Seorang teman WNI yang berkarir dan tinggal di Jepang merasa prihatin, sedih dan ironi ketika anaknya yang masih usia 8 tahun dididik dengan tradisi keluarganya di Indonesia dan budaya Jepang menjadi ‘paradoks’ ketika kembali ke Indonesia dan hidup dalam komunitas masyarakat modern Jakarta (dan mungkin di wilayah lain di negeri ini).
Ia mengaku, anaknya dididik dengan melihat contoh nyata tentang budaya antri, teratur, ketika ke toliet di rumah maupun di tempat umum tidak meninggalkan/keluar dari toilet kecuali dalam keadaan seperti semula. Tidak meninggalkan jejak yang menjadikan orang lain masuk berikutnya menjadi ‘jijik’. “Jadikan seakan dirimu yang akan masuk berikutnya. Keluarlah seperti ketika kamu saat masuk”. Prinsip tanggung jawab melekat sebagai karakter.

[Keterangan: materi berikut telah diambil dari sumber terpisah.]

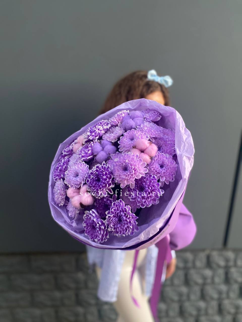 хризантема кустовая - 5шт., хлопок-5, оформление, лента.

Ironinya ketika berlibur ke Jakarta, ketika sang anak diajak ke pusat perbelanjaan dan permainan disana anaknya yang berparas melayu, sama seperti kebanyakan anak-anak yang ada disana menjadi ‘terkucil’.

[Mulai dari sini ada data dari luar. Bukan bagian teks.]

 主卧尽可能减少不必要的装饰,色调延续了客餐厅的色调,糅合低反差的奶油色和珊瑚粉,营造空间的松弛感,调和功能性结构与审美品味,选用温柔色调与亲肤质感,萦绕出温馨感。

Ketika dia harus antre, anak-anak yang lain menyerobot. Parahnya para orang tua saling mengarahkan/mengajari buah hatinya untuk mencari jalan pintas. Pun demikian ketika pergi ke toilet. Tanpa merasa bersalah, anak-anak mengandalkan orang tua/orang lain untuk membersihkan bekas kotoran.

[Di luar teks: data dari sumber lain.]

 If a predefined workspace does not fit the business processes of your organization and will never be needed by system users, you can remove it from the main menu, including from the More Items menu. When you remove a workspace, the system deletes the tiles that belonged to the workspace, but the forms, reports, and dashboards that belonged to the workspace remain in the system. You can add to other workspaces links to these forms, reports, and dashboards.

Rasa sayang yang salah, tapi dianggap kaprah kepada anak atau anak didik, murid, anak buah, anggota dengan memanfaatkan atau mencari privilege dengan berbagai cara ini menjadikan nilai-nilai dan prinsip kemanusiaan menjadi hilang. Inilah yang dialami bangsa kita selama sekian dekade.
Menurut teman penulis tadi, di Jepang, kemampuan kognitif berupa matematika, bahasa, dan lain sebagainya tidak menjadi prioritas pada anak usia dini. ‘Biarkan anak-anak akan tahu tentang pelajaran itu pada masanya nanti’. Namun pembentukan karakter tentang hakikat kemanusiaan, kejujuran, tanggung jawab, nasionalisme justru dibangun sejak masih bayi. Itulah sebabnya bangsa Jepang menjadi hebat, dari dulu hingga saat ini. Kalaupun terjadi pergeseran, prinsip dasarnya tetap tertanam di dalam sanubari bangsa Jepang, dimanapun dia hidup.
Berbeda dengan bangsa kita, orang tua begitu bangganya ketika usia 7 tahun sudah bisa berhitung, lancar berbahasa asing, bisa membuat vlog, dan lain sebagainya. Namun, dalam keadaan sehari-hari orang tuanya seakan membiarkan dia melihat, menyaksikan, bahkan disuruh oleh orang tua, keluarga, guru, bahkan oleh pimpinan tertinggi untuk meninggalkan prinsip-prinsip yang sebenarnya sudah dibangun oleh pendiri bangsa kita bernama Pancasila.